Relative motion

Let's invoke the Virtual Work done method!!

This method states that the work done by the internal forces in case of a mechanical system is always zero. In this case, the internal forces are the tension in the strings. Let string attached with block $'A'$ has a tension $'T'$ in it. Clearly, the string attached to block $'B'$ has tension $'2T'$ in it.

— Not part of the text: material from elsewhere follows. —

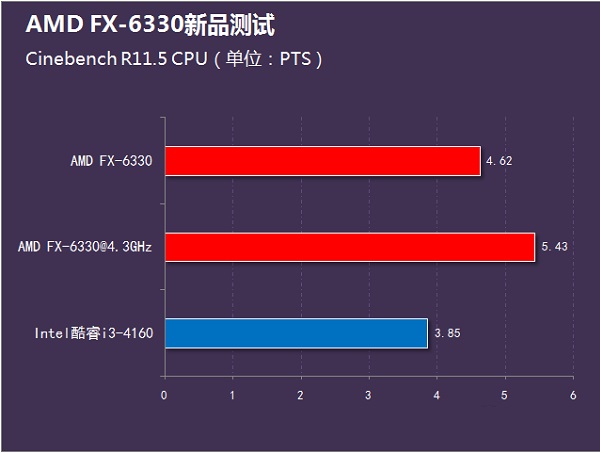 从FX-6330和i3-4160性能对比可以看出,原生六核六线程的FX-6330处理器在综合性能方面要强于i3 4160,网上关于“i3默秒全”也是不可信的。从前面的测试结果来看无论是日常应用还是游戏测试,AMD全新FX-6330处理器都可以说是表现更优秀,得益于其黑盒不锁倍频的特性我们看到FX-6330在超频至4.3GHz后性能还有进一步的爆发。

Now, the velocity component of $'A'$ in the direction of tension is ${ v }_{ A }\cos { \theta }$ . So, by virtual work done:

${ T }_{ A }{ x }_{ A }+{ T }_{ B }{ x }_{ B }=\quad 0$

Differentiating this equation with respect to time, we can get that:

${ T }_{ A }{ v }_{ A }+{ T }_{ B }{ v }_{ B }=\quad 0$ $T{ v }_{ A }\cos { \theta } +{ 2T }{ v }_{ B }\quad =\quad 0\\$

From the adjacent triangle,

$\cos { \theta \quad =\frac { base }{ hypotenuse } } \\ \quad =\frac { x }{ \sqrt { { x }^{ 2 }+{ h }^{ 2 } } }$

Using this information, and ignoring the negative sign, which gives direction, we get:

${ v }_{ B }\quad =\quad \frac { T{ v }_{ A }\cos { \theta } }{ 2T } \\ \quad \quad \quad =\quad \frac { x{ v }_{ A } }{ 2\sqrt { { x }^{ 2 }+{ h }^{ 2 } } }$

CHEERS!!:)

$\large Tan\theta=\dfrac h x,~~and~~Sin\theta=\dfrac h R, ~~where ~~R^2=h^2+x^2. \\\implies h=x*Tan\theta,~~and~~h=R*Sin\theta. ~~Cos\theta=\dfrac{x}{\sqrt{x^2+h^2} }\\Differantiating~w.r.t.~~time ~and~equating~\dfrac{d\theta}{dt} from~ both, \\\dfrac{V_A* Tan\theta}{x*sec^2 \theta}=\dfrac{V_R*Sin\theta}{R*Cos\theta.} ~~\therefore V_R=\dfrac{V_A* Tan\theta}{x*sec^2 \theta}*\dfrac{R*Cos\theta} {Sin\theta} .\\But~V_B=\dfrac 1 2 *V_R=\dfrac 1 2 *V_A*\dfrac{x}{\sqrt{x^2+h^2} } .$